It is an unsettling situation as the US ends its 20-year war in Afghanistan. So much is still uncertain about the country’s future, except that the fighting and humanitarian catastrophe will continue.

But the US’s long-advertised departure cannot fully explain how and why the Taliban are gaining so fast, or why Afghan forces are retreating in many areas.

To understand the pace of the Taliban’s advance and what it means for Afghanistan’s future, I spoke to Andrew Watkins, the International Crisis Group’s senior analyst for Afghanistan. He explained how the Taliban took these provincial capitals, and what missteps by both the US and Afghan governments did — and didn’t — contribute to the Taliban’s advance.

A transcript of our conversation, edited and condensed for clarity, follows.

Jen Kirby

We’ve seen all these headlines about the Taliban taking provincial capitals. This may be a huge question, but can you give a sense of where things stand on the ground right now?

Andrew Watkins

It is a huge question, but it’s the right question to start with. Where are things right now? It would be a mistake to get caught up in the collapse of provincial capitals because what has happened this week is just the continuation of what we’ve seen over the last three months.

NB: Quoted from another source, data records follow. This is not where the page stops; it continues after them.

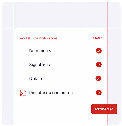 Nous transmettons vos documents signés par voie électronique au registre du commerce du canton concerné, avec une confirmation de réception en quelques minutes. Dès que les modifications sont traitées et validées, nous vous en informons immédiatement.
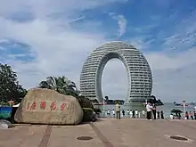 Left to right, top to bottom: the twin towers of Soochow International Plaza viewed from Xiangwang Park, the Huancheng River at night, skyline seen from Renhuang Mountain with the Huzhou Olympic Stadium visible, the Sheraton Huzhou Hot Spring Resort, Yishang Street, and Laohutan Reservoir south of the city | |
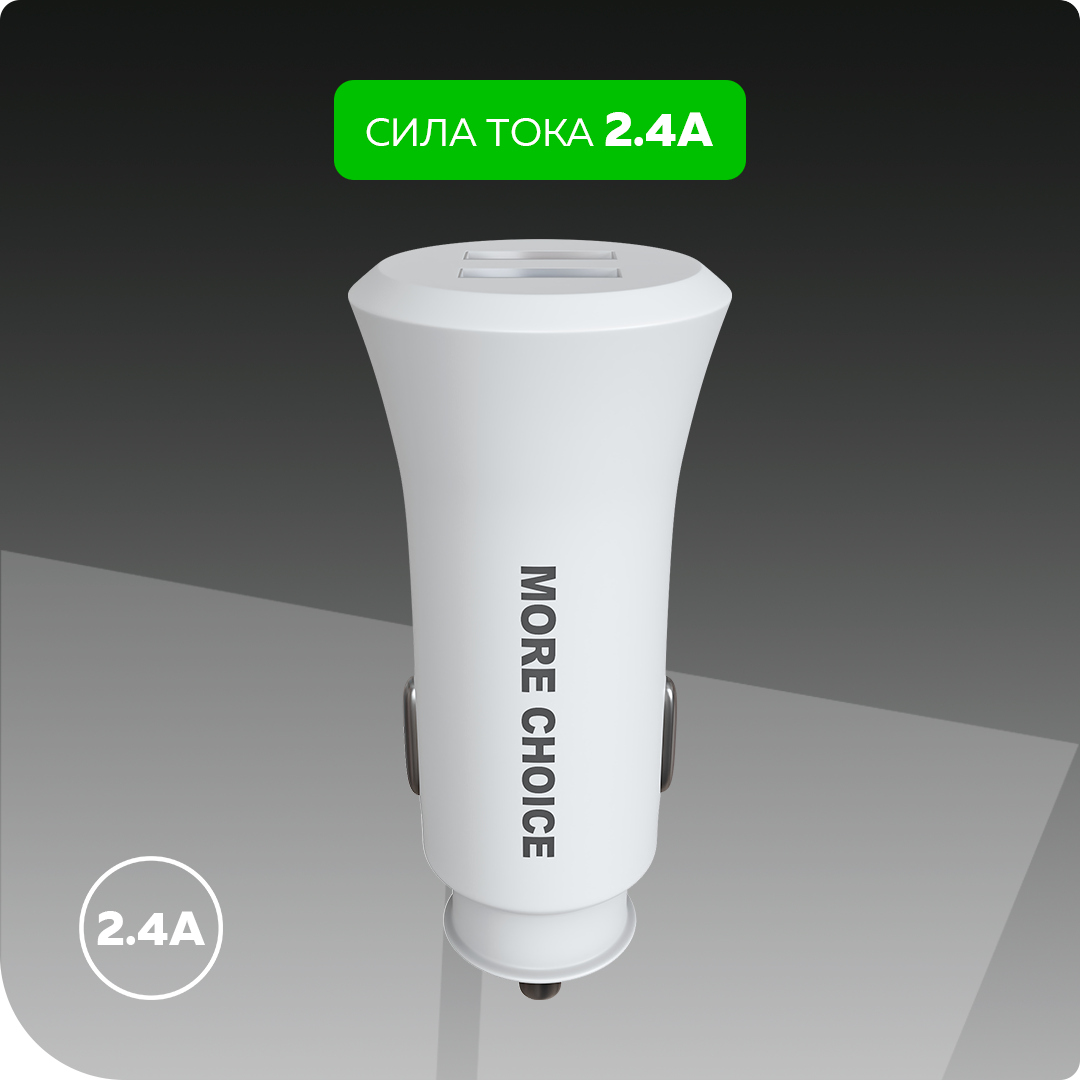 Автомобильное зарядное устройство (от прикуривателя) More Choice AC31, два разъема USB, 2.4A, черный

Starting about three months ago, in late May and then June, picking up speed in July, the Taliban launched an offensive campaign that has swept across the country in a way that has been unprecedented since the US intervened in late 2001.

I want to be careful about how I phrase it because everyone nitpicks — and they nitpick correctly — about various measures of which actor is in control of which, or how much, territory. One imperfect measure is the Afghan government’s control of district centers. There are a little over 400 districts across Afghanistan; almost all of them have what’s called a district administrative center. It’s one village covering sometimes crazy square mileage, rivaling that of smaller US states like Rhode Island.

For the longest time, the Afghan government has pointed to this district center map as a means of demonstrating their authority, when in reality, their only presence or assertion of authority might be a district center where they have a couple buildings that are protected by a small military or police force, or sometimes just a militia that’s outfitted and paid by the government. And that’s it. That is the only government that exists in that entire district, for miles around in any direction.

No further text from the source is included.